今後、同じように手紙を受け取った人が被害に遭わないように、まずは警察に届けることが必要です。

いかがわしいDVDを本当に保管していたらどうしようと心配になるかもしれませんが、本当ならば、ちゃんと実在する名前や団体名などを記載しているはずですし、本当であってもまともな業者であれば、親族に相談をすることなく直接警察に連絡をするのが正当な方法ですので、家族が心配をするヒマもなく警察へ通報が行くことになると思います。
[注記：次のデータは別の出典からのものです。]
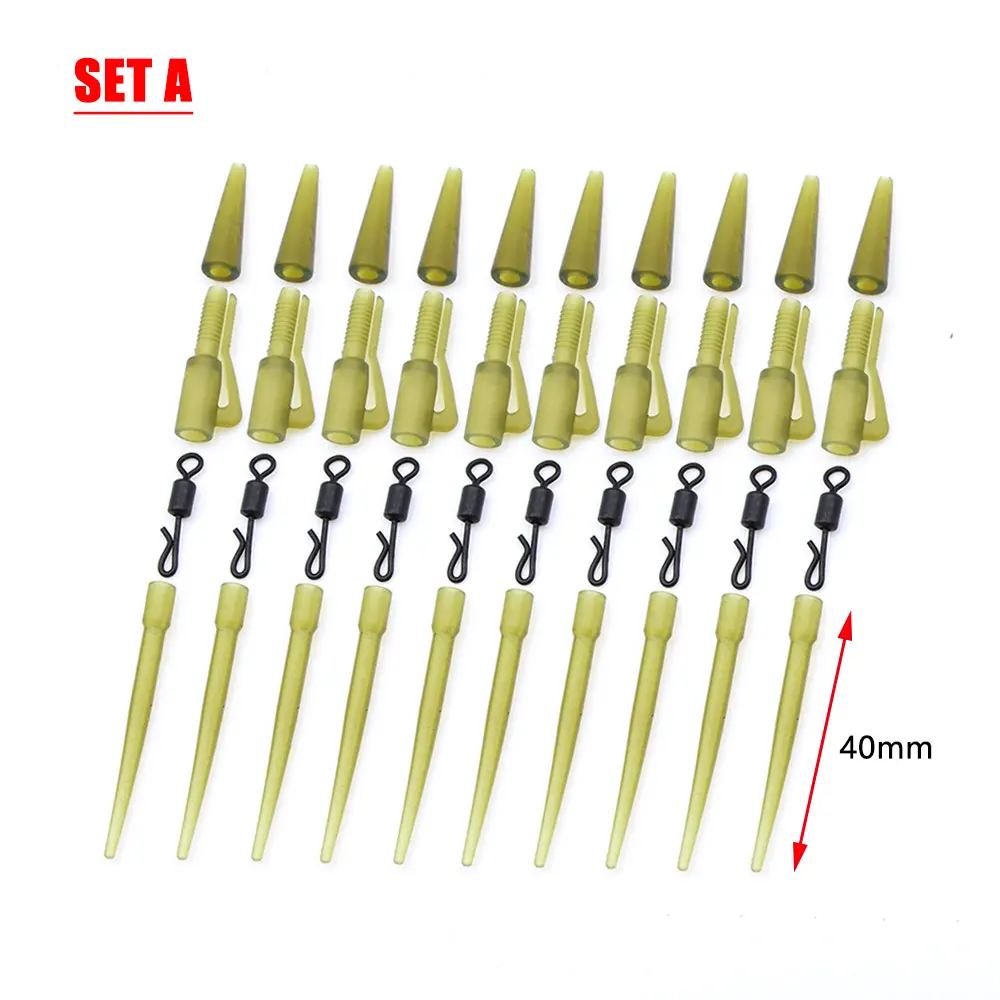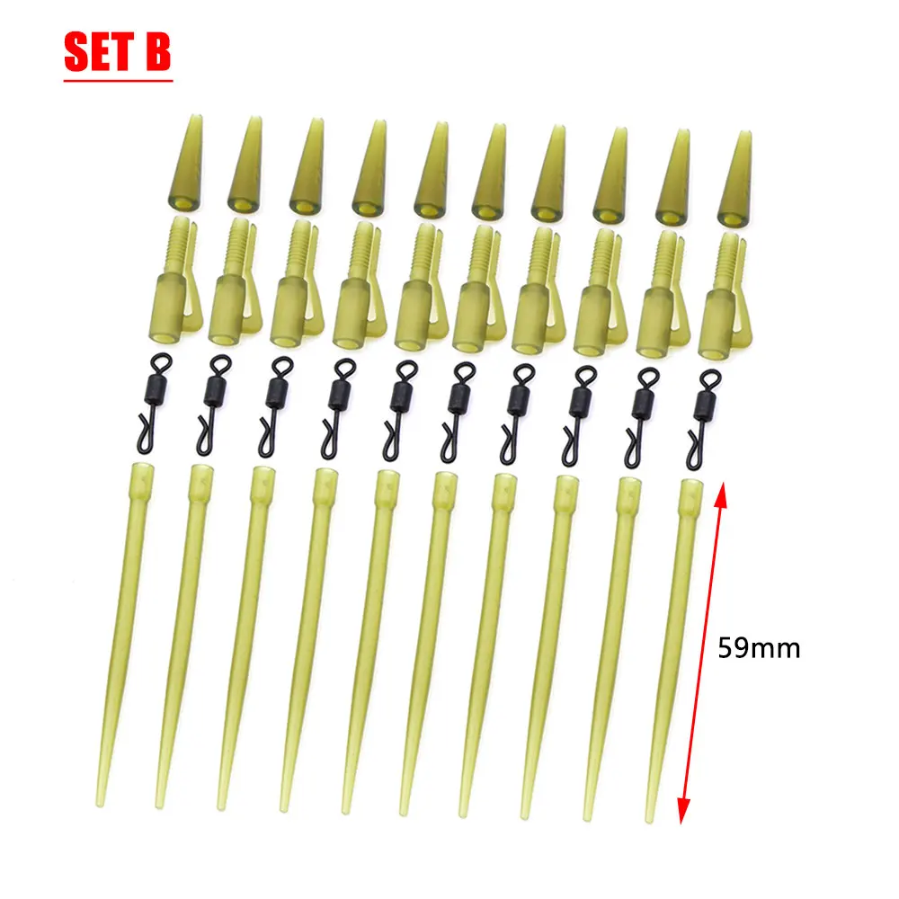 Packag Include:Tail Rubber * 10pcsLead clip * 10pcsAnti tangle sleeve * 10pcs (Tips: Available in 40mm or 59mm)Quick change swivel * 10pcs

そのため、今回のお悔やみ詐欺」のような手紙が来たときには迷いなく警察に通報することが最善策と言えます。

まとめ

今回の「お悔やみ詐欺」は犯人がまさかの実名でなにも工作をすることなく請求をしていたことで、スピード逮捕に至ることが出来ましたが、実際にはもっと巧妙な手口で架空請求や特殊詐欺を組織的に仕掛けてくるグループもいます。

でも、警察や銀行がことがあるごとに伝えているように

「電話でお金の話は詐欺です」

というのは間違いありません。

また、今回の「お悔やみ詐欺」のように手紙の場合であっても請求者が不明、または実在しない団体などの場合は100%詐欺と言っても過言ではないと思います。

今回の詐欺で被害に遭ったかたは少ないと思いますが、くれぐれも注意が必要です。

本当に気を付けましょうね。

ここまでお読みいただきありがとうございました。